METHOD: A prospective observational study was carried out at North Colombo Teaching Hospital, Ragama, Sri Lanka. Pre-induction digital cervical assessment, transvaginal cervical length, and cervical volume measurements were performed. Inductions with singleton pregnancies at term were included. Basic demographic and clinical details, independent variables (Bishop score, cervical length and cervical volume), and dependent variables (frequency of delivery within 24 h and induction to delivery interval) were recorded. Vaginal delivery within 24 h was the primary outcome.

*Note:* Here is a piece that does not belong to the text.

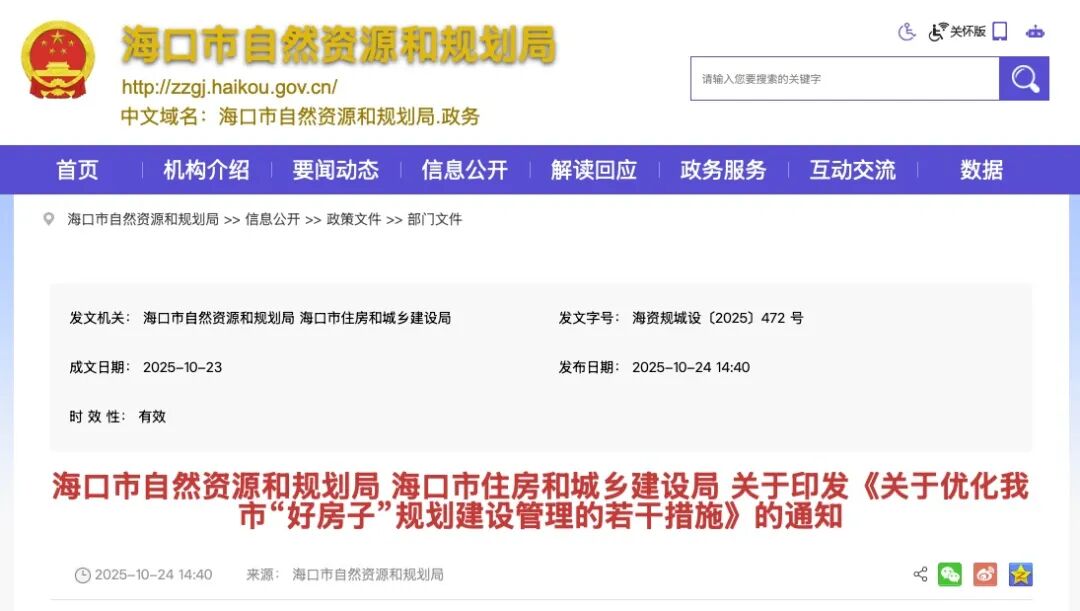 2025年10月23日,??谑凶匀毁Y源和規(guī)劃局、??谑凶》亢统青l(xiāng)建設(shè)局印發(fā)《關(guān)于優(yōu)化我市“好房子”規(guī)劃建設(shè)管理的若干措施》。
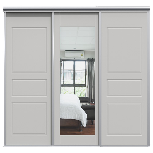Skjutdörrarna är av 8 mm målad och spårfräst MDF och spegeln är av 4 mm spegelglas med en säkerhetsfilm på baksidan. Grepplist, tak- och golvskena i aluminium.

RESULTS: We studied 100 pregnant women who had induction of labour. Median (IQR) Bishop score was 5 (3-6), mean (SD) cervical length was 3.6 (0.7) cm, and mean (SD) cervical volume was 27.5 (10.4) cm3 . Cervical length was the best predictor for predicting the likelihood of vaginal delivery within 24 h [aOR - 12.12 (3.44, 42.71); < 0.001], and cervical volume also appeared to be a significant potential predictor [aOR-1.10 (1.01, 1.17); 0.01]. Cervical length was found to have the highest AUC (0.83) followed by the cervical volume (0.74). The best cut-off value for cervical volume in predicting the likelihood of vaginal delivery within 24 h was less than 28.5 cm3 with a sensitivity of 72% and specificity of 74%.

CONCLUSIONS: Transvaginal sonographic measurement of cervical volume appears to be a potential novel predictor for the likelihood of vaginal delivery within 24 h of induction of labour. Cervical length is still more superior to cervical volume in predicting the likelihood of vaginal delivery. Bishop score was not a significant predictor in this context.